▶ _DIRECTIONS FOR THIS TASK_: Output the number of lines in the material below containing "Agroscope" and nothing more.

▶ _INPUT MATERIAL_:
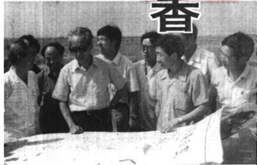
1990年，国家计委领导在垦利县水稻农场视察

长曾志，原山东省委书记姜春云和原省长赵志浩等领导都先后来到这开发工地检查指导工作。按照“一出发效，二出经验”的要求，全县干部群众奋战一冬春，完成了6万亩稻田的骨干工程和2万亩开发面积的配套工程，建成了引水可靠，蓄水充足，灌排畅通的水利体系。达到了引、蓄、灌、排、沟、渠、路、林全面配套。1990年插秧2万亩，平均亩产稻谷400公斤。这方热土以丰硕的成果给垦利人民以回报。国家计委、山东农业大学的专家、教授们在考查验收时，感慨地说：“在这大面积的荒碱地上改碱种稻，一举成功，不能不说是一个奇迹。”1991年，垦利县水稻农场开发种植水稻面积达到4万亩以上。至此，垦利县水稻农场真正树立了规模化、标准化、系列化水稻生产示范样板，为开发黄河三角洲的农业闯出了一条新路子。真正达到了“一出发效，二出经验”的要求。实现了开发一片，成功一片的目标。
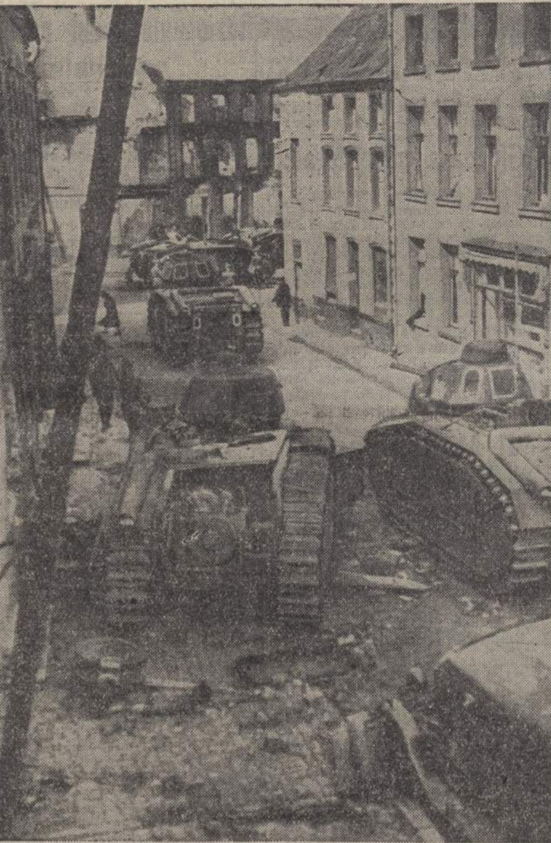
Carri d'assalto francesi colpiti dall'artiglieria tedesca

Il Fuehrer ha quindi affermato che la Germania ha deciso di riavere le proprie colonie e le riavrà; e che la Germania non ha alcuna intenzione di distruggere l'Impero
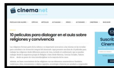
Deu pel·lícules per dialogar a l'aula sobre religions i convivència
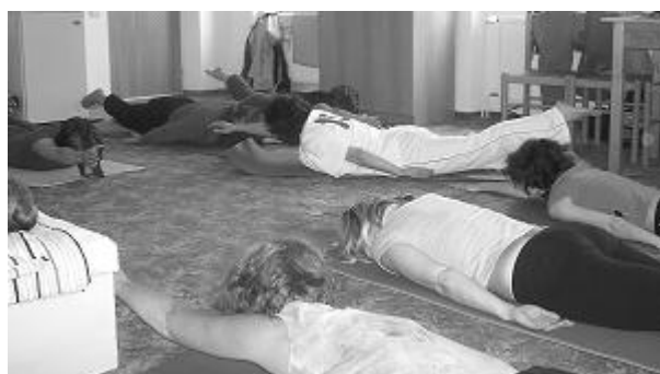
... ale vleže je to taky fajn.
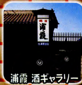
浦霞 酒ギャラリー
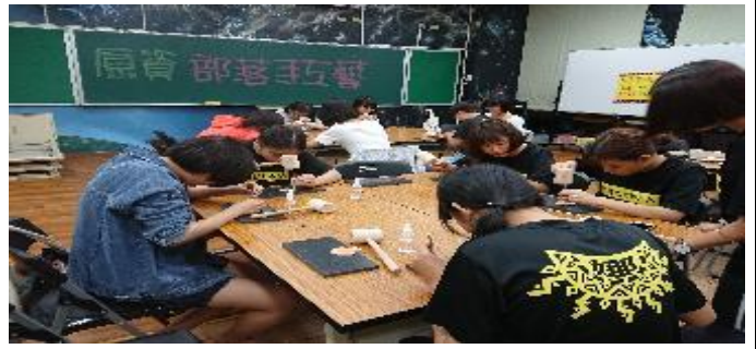
107-1 原藝教室《傳統手工藝-皮雕》
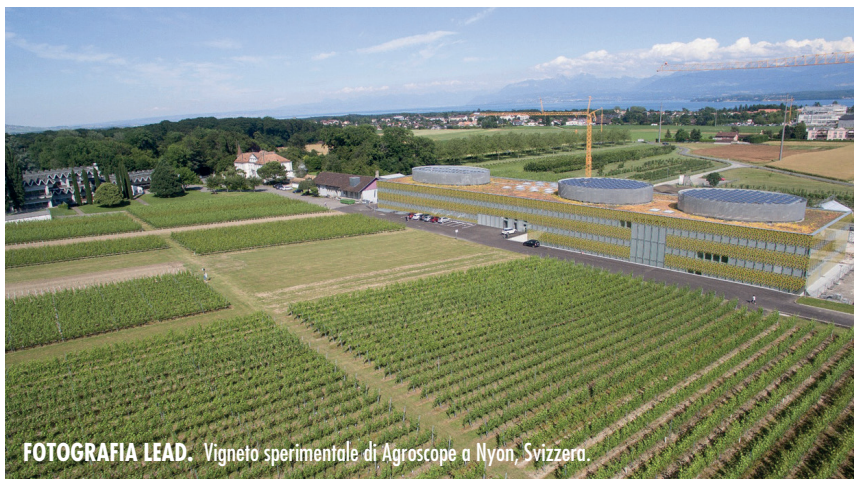
FOTOGRAFIA LEAD. Vigneto sperimentale di Agroscope a Nyon, Svizzera.

Uno studio, condotto da Agroscope, mostra come l'efficacia di una distribuzione di azoto per via fogliare all'invaiaitura dipenda dal grado di carenza iniziale della vite e conferma la soglia di sensibilità alla carenza in azoto assimilabile per lo Chardonnay, ma non per il Sauvignon blanc.

▶ _SOLUTION FOR THIS TASK_: 2